Dancing in the kitchen

She is sewing pips of reminiscence in his fertile mind, selecting scenes for the reel of his memories. She is the Director, Writer and Makeup Artist. She would like to be the Film Editor too and supervise the relegation of her inadequacies to the cutting room floor. She would like to censor any shameful language: ‘You stupid boy,’ ‘I can’t take you anywhere,’ ‘I should have thought twice about having children.’ She does this in her Director’s Cut. In this version she is always smiling. She makes delicious, nutritious meals, irons his favourite clothes in time for him to wear them, patiently explains homework and never shushes him in the car because she is listening to the radio. 

But she does not have final cut privilege. He is The Editor of this portion of her life. He selects rare, single-take footage of her shouting and crying. He creates miserable montages of her mothering misdemeanours. ‘Remember when I really wanted to go on a donkey and you wouldn’t let me?’ he asks. ‘Remember when you said I would have to sleep in the loft with the wasp’s nest if I kept getting out of bed?’ he enquires. 

She is determined to expunge her failings. She selects a location, prepares the storyboard and applies makeup. 

Take One: Dancing in the Kitchen

The radio is loud. The dance is a comedy combination of moves she used to perform in earnest several years ago. The noise will draw him to her and her exuberance will proclaim: I’m so happy to be your mother that I’m dancing in the kitchen. I love you so much; let’s dance in the kitchen, together. 

Take Two: Dancing in the Kitchen

The radio is louder. This time he will forsake the television in order to investigate. He will burst into the kitchen and join in the dance.

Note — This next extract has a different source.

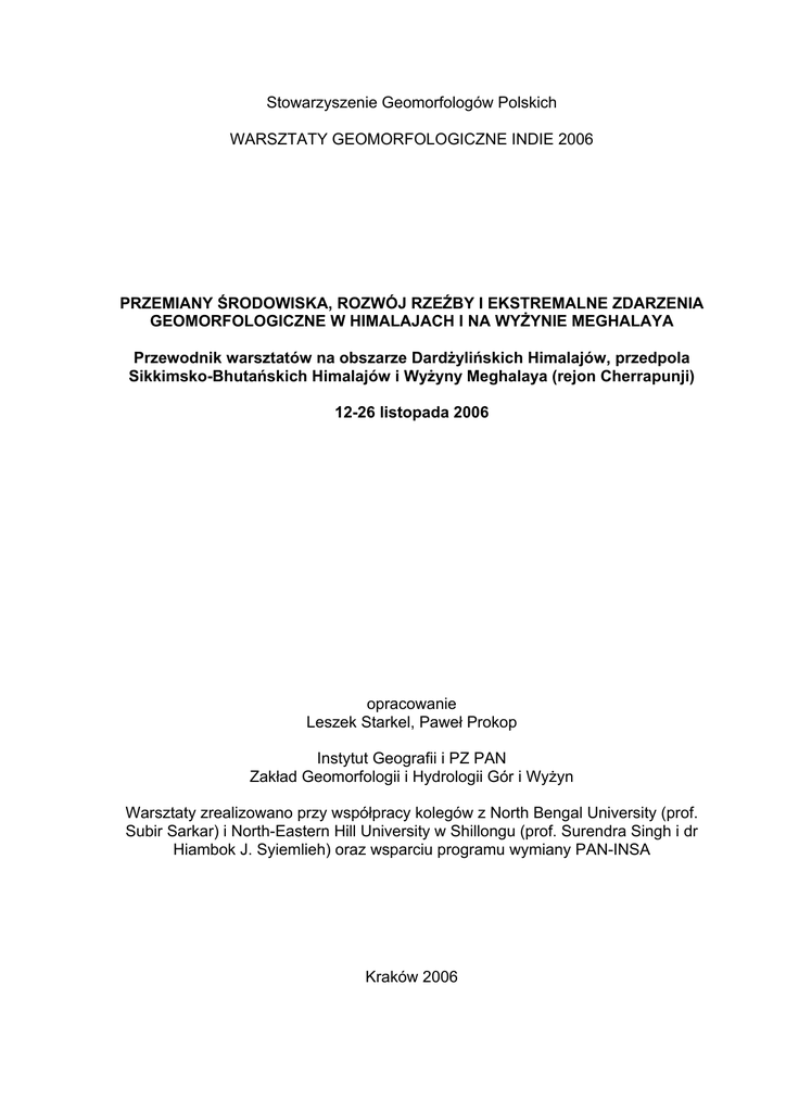 Stowarzyszenie Geomorfologów Polskich WARSZTATY GEOMORFOLOGICZNE INDIE 2006 PRZEMIANY ŚRODOWISKA, ROZWÓJ RZEŹBY I EKSTREMALNE ZDARZENIA GEOMORFOLOGICZNE W HIMALAJACH I NA WYŻYNIE MEGHALAYA Przewodnik warsztatów na obszarze Dardżylińskich Himalajów, przedpola Sikkimsko-Bhutańskich Himalajów i Wyżyny Meghalaya (rejon Cherrapunji) 12-26 listopada 2006 opracowanie Leszek Starkel, Paweł Prokop Instytut Geografii i PZ PAN Zakład Geomorfologii i Hydrologii Gór i Wyżyn Warsztaty zrealizowano przy współpracy kolegów z North Bengal University (prof. Subir Sarkar) i North-Eastern Hill University w Shillongu (prof. Surendra Singh i dr Hiambok J. Syiemlieh) oraz wsparciu programu wymiany PAN-INSA Kraków 2006 Program warsztatów 12.11. Warszawa – Monachium – Delhi Przylot do Delhi 7.45, przejazd do INSA Guest House, po południu zwiedzanie Delhi. Nocleg w INSA Guest House. 13.11. Delhi – Bagdogra – North Bengal University (NBU) w Siliguri Godz. 8.00 wyjazd na lotnisko, przelot Delhi 10.25 - Bagdogra 12.15, przejazd do North Bengal University (NBU) w Siliguri, godz. 15.00-17.30 seminarium “Geomorphology of Mountain Areas”. Nocleg w NBU Guest House. 14.11. NBU – Tindharia – Kurseong – Ambootia – Sonada – Dardżyling Przejazd autami z NBU do Darjdżylingu, rzeźba brzegu młodych gór, osuwiska, w tym osuwisko Ambootia, zwiedzanie plantacji herbaty. Nocleg w Tourist Lodge w Dardżylingu. 15.11. Dardżyling – Ging i okolice Osuwiska i stacja badawcza w Ging, zwiedzanie Himalaya Mountaneering Institute, ośrodka tybetańskiego Tibetian Refuge Centre i in.). Nocleg w Tourist Lodge w Dardżylingu 16.11. Dardżyling – Tista Bazar – Kalimpong – Kalijhora Przejazd Darjeeling – Pashok – Tista Bazar – dolina Tisty (terasy, koryta). Nocleg w Kalijhora Guest House. 17.11. Kalijhora – Gish – Gorbathan – Jaldhapara Przejazd wzdłuż Himalajów od wylotu doliny Tisty do doliny Torsy. Koryta rzek roztokowych, agradacja, młoda tektonika. Nocleg w Jaldhapara Tourist Lodge. 18.11. Jaldhapara – Kaljani – Phountsholing – Jalpaiguri – NBU Osuwiska i agradacja u brzegu Bhutańskich Himalajów, w dorzeczu Pagli i Gabur Basra, powrót do NBU. Nocleg w NBU Guest House. 19.11. NBU – Balasan – Bagdogra – Gauhati – Shillong Wylot rzeki Balasan z gór, przelot Bagdogra 12.50 – Gauhati 13.40, punkt widokowy na Brahmaputrę w Gauhati, przejazd do Shillongu. Nocleg w NEHU Guest House. 20.11. Shillong Seminarium w North Eastern Hill University (NEHU) „Environmental Changes and Geomorphologic Hazards”. Nocleg w NEHU Guest House. 21.11. Shillong – Mylliem – Cherrapunji – Laitkynsew Granitowy batolit okolic Mylliem, kaniony rzek na południowym skłonie wyżyny, odkrywkowe kopalnie węgla, profile gleb, wodospad Nohkalikai, zlewnia eksperymentalna Maw-ki Syiem w Cherrapunji. Nocleg w Laitkynsew Holiday Resort. 22.11. Latiktynsew – Cherrapunji – Shillong Punkt widokowy na Bangladesz, zwiedzanie jaskini i wodospadów w Mawsmai, przejazd przez Cherrapunji, megality. Nocleg w NEHU Guest House w Shillongu. 2 23.11. Shillong – Gauhati – Delhi Wyjazd w godzinach porannych z Shillongu, przelot Gauhati 15.40 – Delhi 18.25. Nocleg w INSA Guest House 24.11. Delhi Zwiedzanie Delhi, czas wolny. Nocleg w INSA Guest House 25.11. Delhi – Agra – Delhi Wyjazd w godzinach porannych do Agry, zwiedzanie Taj Mahal, powrót w godzinach nocnych. Nocleg w INSA Guest House 26.11. Delhi – Monachium – Warszawa Przelot Delhi 9.55 – Monachium 14.00 Monachium 14.45 – Warszawa 16.20 3 Historia badań zespołu polskiego we wschodnich Indiach i współpracy z ośrodkami indyjskimi W okresie XI.1968-III.1969 w ramach programu wymiany PAN-CSIR pierwsze badania prowadził L.Starkel, który opublikował skutki ekstremalnego opadu z października 1968 r. w Dardżylińskich Himalajach oraz scharakteryzował typ i natężenie erozji gleb w różnych regionach klimatu monsunowego Indii m.in. wizytując rejon Cherrapunji (publikacja w Geographia Polonica 1972). W 1984 r. w ramach wymiany PAN-INSA L.Starkel i W.Froehlich rozpoczęli regularne badania półstacjonarne procesów geomorfologicznych oraz skutków ekstremalnych zjawisk koncentrując się m.in. na analizie opadów, obiegu wody, w glebie, tempie erozji i sedymentacji, a szczególnym obiektem obserwacji stało się osuwisko Ambootia. W badaniach czynny udział brali E.Gil, R.Soja, jak również w mniejszym zakresie I.Kasza, P.Prokop, T.Kalicki i in. Badania były realizowane przy dużej pomocy Darjeeling Planters Association i menedżerów plantacji, jak też współpracy z prof. S.B.Basu i dr. S.Sarkarem z North Bengal University, prowadzącymi równoległe badania innych osuwisk. Plonem naszych badań jak i współpracy jest ok. 20 publikacji i wydana przez INSA w roku 2000 monografia „Rains, landslides and floods in the Darjeeling Himalaya”. U schyłku 1990-tych badania zostały rozszerzone na obszar przedpola Himalajów na wschód od doliny Tisty na zagadnienia skutków ekstremalnych powodzi (artykuł L.Starkla, S.Sarkara Studia Geom. Carp-Balc. 2002). W 1996 r. W.Froehlich, R.Soja i L.Starkel wizytowali rejon Cherrapunji i od 1998 r. rozpoczęła się bilateralna współpraca nad tematem: „Runoff and soil rosion in the globally extreme humid area in the Cherrapunji region (Meghalaya Plateau, India)” w ramach porozumienia KBN-Department of Science and Technology. Plonem pierwszego etapu badań jest monografia z 2004 r. „Rainfall, runoff and soil erosion in the globally extreme humid area, Cherrapunji region, India”. Prace są obecnie kontynuowane m.in. poprzez granty indywidualne, prowadzona jest rejestracja automatyczna opadów atmosferycznych (R.Soja), zastosowano analizę zdjęć satelitarnych (P.Prokop), określono tempo denudacji stoków metodą 137Cs (W.Froehlich), a ostatnio została ukończona rozprawa doktorska P.Prokopa pt. „Degradacja środowiska przyrodniczego południowego skłonu w

They will laugh together in a way that allows her to begin sentences with, ‘Remember when we danced in the kitchen?’

Take Three: Dancing in the Kitchen

The radio is moderately loud so as not to irritate him. He will come into the kitchen eventually, when he wants a drink or to ask what’s for tea. He will chuckle at her dance.

Director’s Cut: In the Kitchen

The radio is on. Eventually he comes in. She sends him such a smile. Perhaps he will remember it.